* THE INPUT
________

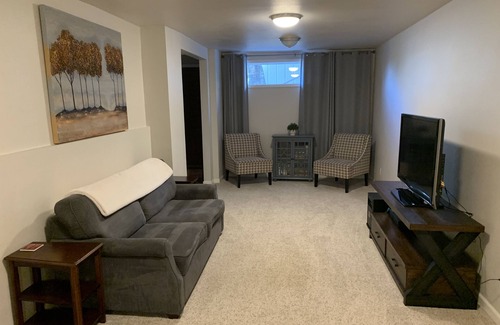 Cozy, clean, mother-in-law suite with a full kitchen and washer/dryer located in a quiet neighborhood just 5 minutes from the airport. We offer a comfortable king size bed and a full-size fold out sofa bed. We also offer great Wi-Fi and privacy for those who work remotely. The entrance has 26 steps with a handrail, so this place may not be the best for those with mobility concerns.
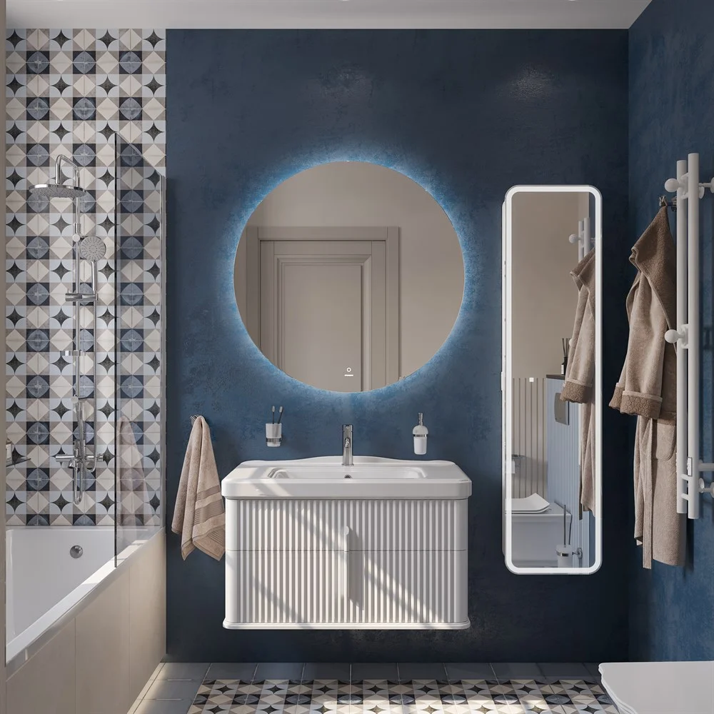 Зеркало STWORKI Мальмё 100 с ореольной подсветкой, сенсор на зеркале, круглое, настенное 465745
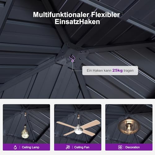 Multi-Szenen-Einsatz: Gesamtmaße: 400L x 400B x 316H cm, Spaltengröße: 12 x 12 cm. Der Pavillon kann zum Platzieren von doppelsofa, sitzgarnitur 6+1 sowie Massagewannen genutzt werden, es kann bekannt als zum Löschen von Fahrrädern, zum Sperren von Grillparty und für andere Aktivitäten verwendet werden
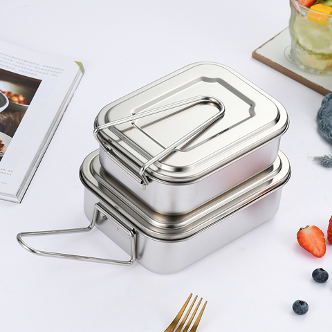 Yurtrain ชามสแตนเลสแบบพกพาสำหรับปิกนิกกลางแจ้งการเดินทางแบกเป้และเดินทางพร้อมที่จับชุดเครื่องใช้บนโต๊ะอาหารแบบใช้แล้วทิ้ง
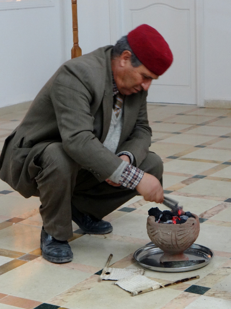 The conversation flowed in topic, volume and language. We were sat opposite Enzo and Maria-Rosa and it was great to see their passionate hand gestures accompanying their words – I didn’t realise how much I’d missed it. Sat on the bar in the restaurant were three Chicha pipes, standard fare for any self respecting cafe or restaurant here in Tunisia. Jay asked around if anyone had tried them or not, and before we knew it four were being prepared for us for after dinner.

________

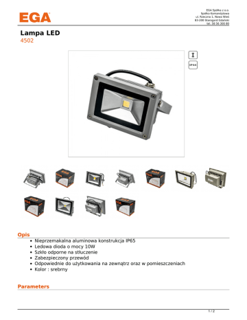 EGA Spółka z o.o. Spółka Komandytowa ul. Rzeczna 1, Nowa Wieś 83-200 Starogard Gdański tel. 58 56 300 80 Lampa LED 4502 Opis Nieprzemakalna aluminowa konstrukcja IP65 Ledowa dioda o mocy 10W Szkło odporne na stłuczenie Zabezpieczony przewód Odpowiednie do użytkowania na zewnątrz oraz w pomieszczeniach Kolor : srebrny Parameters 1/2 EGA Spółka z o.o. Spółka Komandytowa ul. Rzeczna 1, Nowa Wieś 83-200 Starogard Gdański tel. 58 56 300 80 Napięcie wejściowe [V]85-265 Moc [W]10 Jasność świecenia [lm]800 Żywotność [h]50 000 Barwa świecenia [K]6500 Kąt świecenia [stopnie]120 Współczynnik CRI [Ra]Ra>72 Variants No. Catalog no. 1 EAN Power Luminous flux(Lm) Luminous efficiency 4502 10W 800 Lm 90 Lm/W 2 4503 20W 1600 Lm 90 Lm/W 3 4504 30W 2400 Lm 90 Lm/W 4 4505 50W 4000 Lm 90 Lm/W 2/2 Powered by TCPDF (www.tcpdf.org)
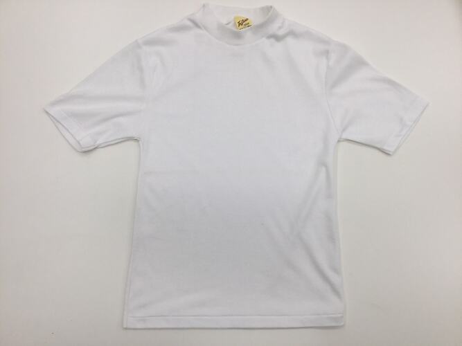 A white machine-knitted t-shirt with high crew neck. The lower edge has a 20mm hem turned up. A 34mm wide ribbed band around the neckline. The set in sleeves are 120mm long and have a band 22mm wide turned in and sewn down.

________

Please set down, exactly and with no pictures, the lines in the entries above starting at the one holding "Cozy, clean, mother-in-law" and ending at the one holding "Multi-Szenen-Einsatz: Gesamtmaße: 400L", ends included.

* THE ANSWER
 Cozy, clean, mother-in-law suite with a full kitchen and washer/dryer located in a quiet neighborhood just 5 minutes from the airport. We offer a comfortable king size bed and a full-size fold out sofa bed. We also offer great Wi-Fi and privacy for those who work remotely. The entrance has 26 steps with a handrail, so this place may not be the best for those with mobility concerns.
 Зеркало STWORKI Мальмё 100 с ореольной подсветкой, сенсор на зеркале, круглое, настенное 465745
 Multi-Szenen-Einsatz: Gesamtmaße: 400L x 400B x 316H cm, Spaltengröße: 12 x 12 cm. Der Pavillon kann zum Platzieren von doppelsofa, sitzgarnitur 6+1 sowie Massagewannen genutzt werden, es kann bekannt als zum Löschen von Fahrrädern, zum Sperren von Grillparty und für andere Aktivitäten verwendet werden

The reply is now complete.